Items from a data source:
== Segment start ==

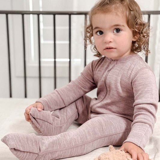 Merino Wool Baby Thermal Onesie Mauve Marle
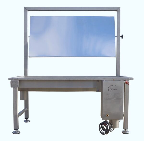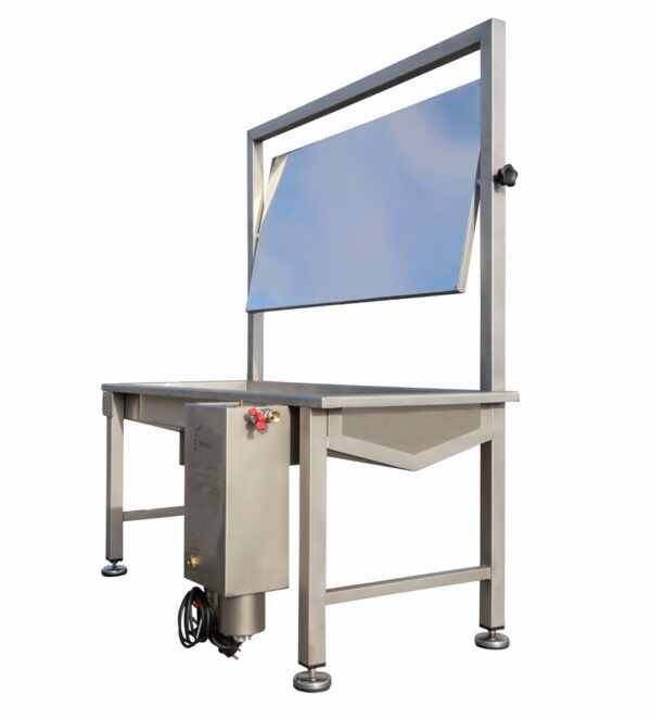 Nerezová vaňa je pripevnená k nosnej konštrukcii z nerezových materiálov odolných voči kyselinám, na ktorej sa pohybujú miešačky s hydinou prepravovanou závesným dopravníkom. Testovací stojan sa umiestni na vhodné miesto (po vybratí obalu z jatočného tela). Zrkadlo namontované na nosnej konštrukcii umožňuje lekárovi podrobne preskúmať jatočné telo vtáka (z oboch strán). Stanica je vybavená aj sterilizátorom nástrojov, horúcou vodou zapínanou cez kolenový ventil s časovačom, aby lekár mohol vykonať vyšetrenie hygienickým spôsobom.
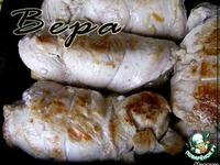 Завернуть филе рулетом. Обвязать нитками. Обжарить рулетики на растительном масле с обеих сторон. |
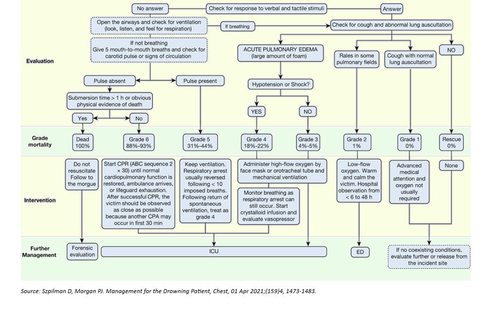 Once the patient is stabilized from a respiratory and hemodynamic standpoint, disposition should be determined. Figure 1 below helps to establish guidelines for ICU admission versus observation and safe discharge based drowning mortality risk and drowning grade (Table 3).
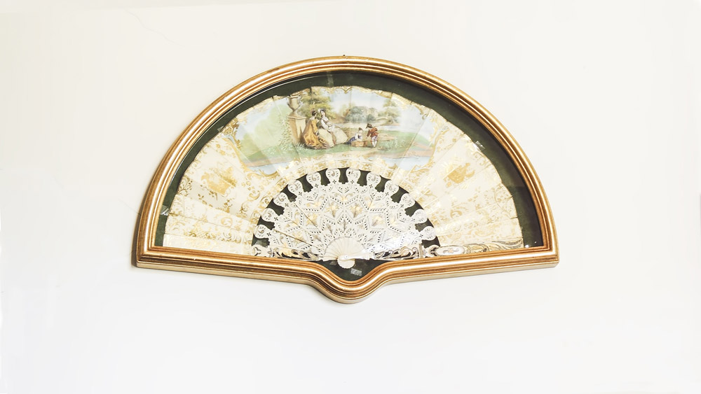 VENTAGLIO seconda metà del XIX secolo stecche in avorio traforato e in parte dorato, pagina in carta stampata e dipinta con Gentildonne e bambini in giardino, lievi difetti, entro cornice a teca in legno dorato cm 35x58 FAN, SECOND HALF OF 19TH CENTURY
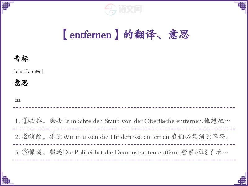 ①去掉,除去Er möchte den Staub von der Oberfläche entfernen.他想把表面的灰尘去掉。
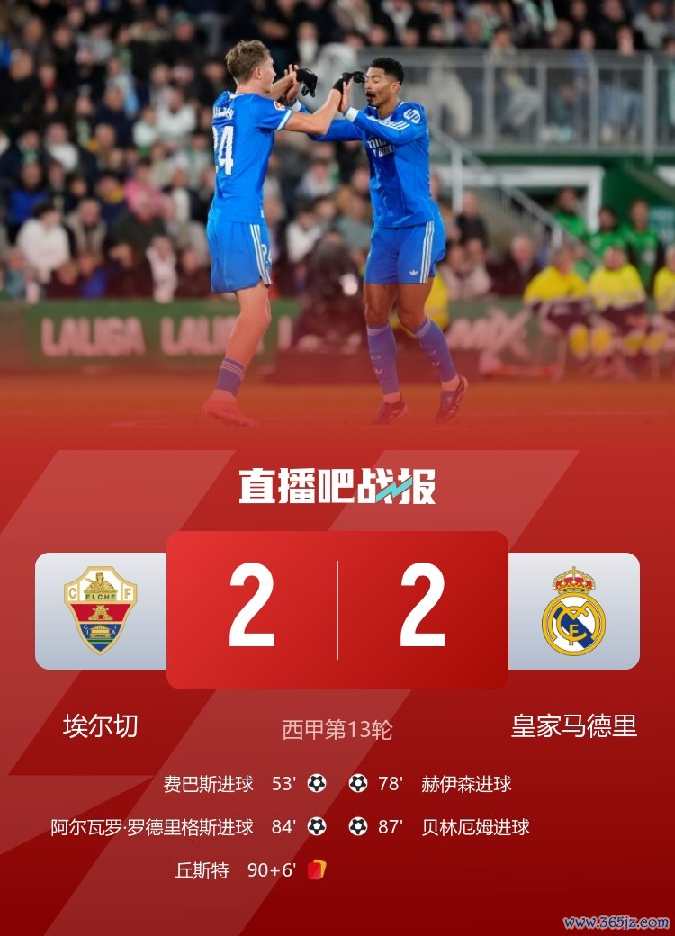 11月24日讯 西甲第13轮比赛,埃尔切主场2-2战平皇马。
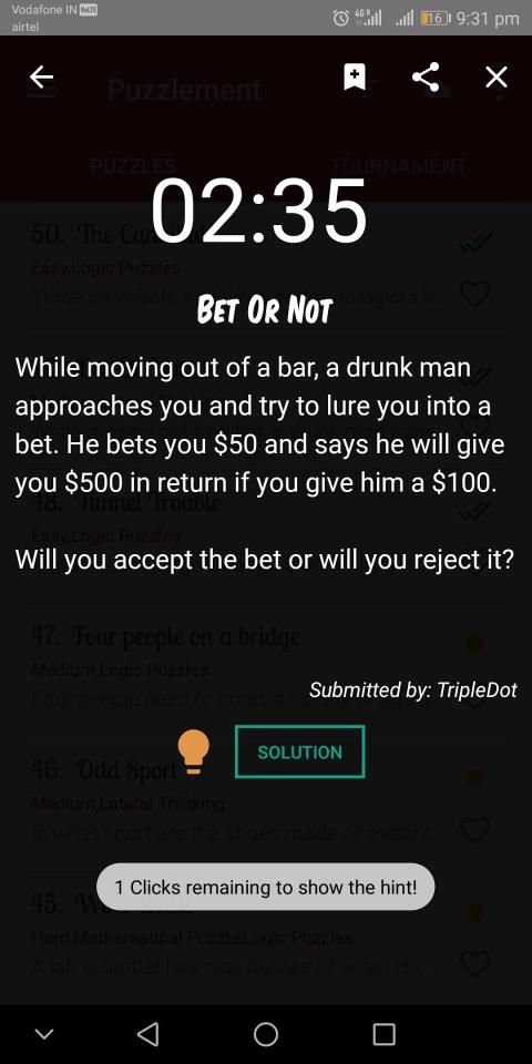 Get logic puzzles daily and compete with the world for this logic puzzle game! Download and start solving these quality brain teasers, riddles!

== Segment end ==

→ Activity
Each line above is to be duplicated exactly, and the pictures are to be omitted.

→ Answer space
 Merino Wool Baby Thermal Onesie Mauve Marle
 Nerezová vaňa je pripevnená k nosnej konštrukcii z nerezových materiálov odolných voči kyselinám, na ktorej sa pohybujú miešačky s hydinou prepravovanou závesným dopravníkom. Testovací stojan sa umiestni na vhodné miesto (po vybratí obalu z jatočného tela). Zrkadlo namontované na nosnej konštrukcii umožňuje lekárovi podrobne preskúmať jatočné telo vtáka (z oboch strán). Stanica je vybavená aj sterilizátorom nástrojov, horúcou vodou zapínanou cez kolenový ventil s časovačom, aby lekár mohol vykonať vyšetrenie hygienickým spôsobom.
 Завернуть филе рулетом. Обвязать нитками. Обжарить рулетики на растительном масле с обеих сторон. |
 Once the patient is stabilized from a respiratory and hemodynamic standpoint, disposition should be determined. Figure 1 below helps to establish guidelines for ICU admission versus observation and safe discharge based drowning mortality risk and drowning grade (Table 3).
 VENTAGLIO seconda metà del XIX secolo stecche in avorio traforato e in parte dorato, pagina in carta stampata e dipinta con Gentildonne e bambini in giardino, lievi difetti, entro cornice a teca in legno dorato cm 35x58 FAN, SECOND HALF OF 19TH CENTURY
 ①去掉,除去Er möchte den Staub von der Oberfläche entfernen.他想把表面的灰尘去掉。
 11月24日讯 西甲第13轮比赛,埃尔切主场2-2战平皇马。
 Get logic puzzles daily and compete with the world for this logic puzzle game! Download and start solving these quality brain teasers, riddles!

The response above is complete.